Biological Motion Analysis
From sub-cellular organelles to complex organisms, many problems in biological research involve the motion analysis of multiple objects in video. We develop algorithms for the rapid mining of motion patterns in large biological video data sets.
Contact: Shin, Souvenir
We provide an interactive, clinical learning environment complete with patients in specific scenarios that are able to generate context-aware responses.
Robust Medical Image Segmentation
Organ shape plays an important role in various clinical practices, e.g., diagnosis, surgical planning and treatment evaluation. Robust segmentation of organ shapes is a fundamental problem in medical imaging. We use a learning-based deformation model and robust shape priors inspired by compressed sensing. A sparse set of shapes in the shape repository is selected and composed together to infer/refine an input shape, which is formulated as a sparse learning problem. The a priori information is thus implicitly incorporated on-the-fly.
Cardiac Ultrasound Analysis
Due to poor transmission caused by air in the body cavities after trauma or surgery, the ultrasound images from critical-care patients are much noisier than in the typical case, and automated methods designed for “clean” images fail. We develop algorithms that deal with the additional challenges of ultrasound images from critical-care settings.

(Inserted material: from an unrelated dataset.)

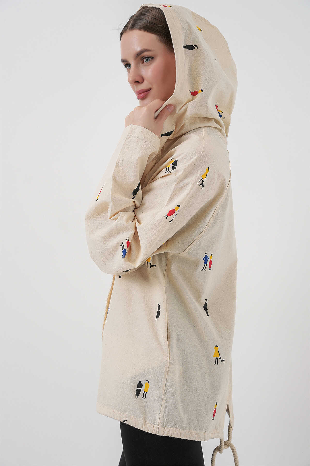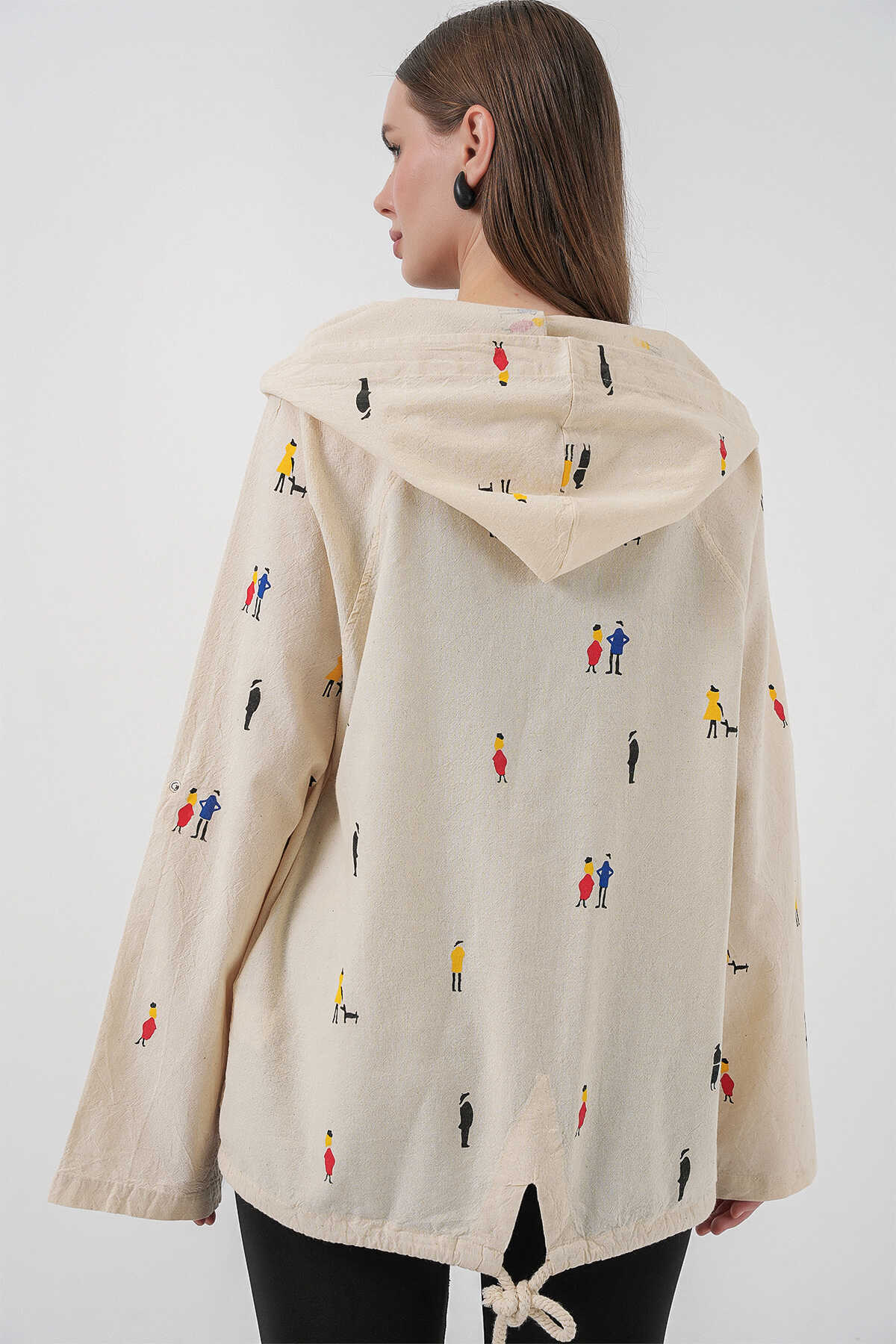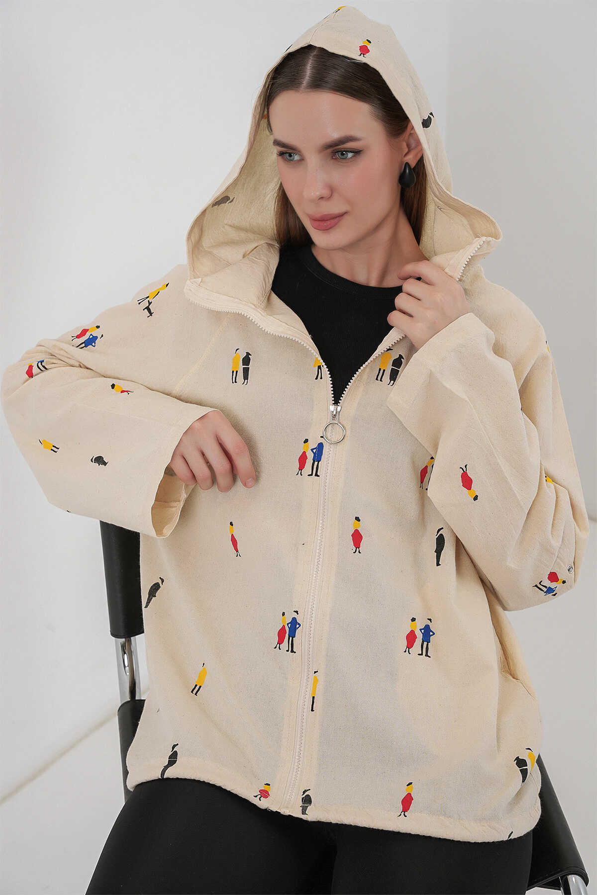 Kadin Kapüsonlu Desenli Keten Ceket 0736

Camera Networks for Activity Analysis
Can camera networks be used to understand how people use spaces over time? Can we encode days, months, or years of human activity from video? Can human behavior experts intuitively analyze this data? Our goal is to understand how public spaces are used over time using a network of ceiling mounted cameras by developing computer vision and machine learning algorithms. The specific tasks include:
- Tracking: Detecting and following people (and their gaze direction) as they move through the space
- Action Recognition: Identifying common actions, such as waving, pointing, sitting, standing, etc.
- Distributed Computing: Coordinating these algorithms over multiple cameras in the network
- Privacy Preservation: Encoding activity data without identifying people or saving video data
Large-Scale Medical Image Retrieval
As the amount of medical image data increases, there is a need for large-scale, content-based image retrieval. Applications include: image-guided diagnosis, clinical decision support, education, and efficient data management. Our methods use scalable indexing and searching algorithms for real-time image retrieval among massive and high-dimensional databases. The retrieved images indicate the most likely diagnosis, whichcan be used for clinical decision support.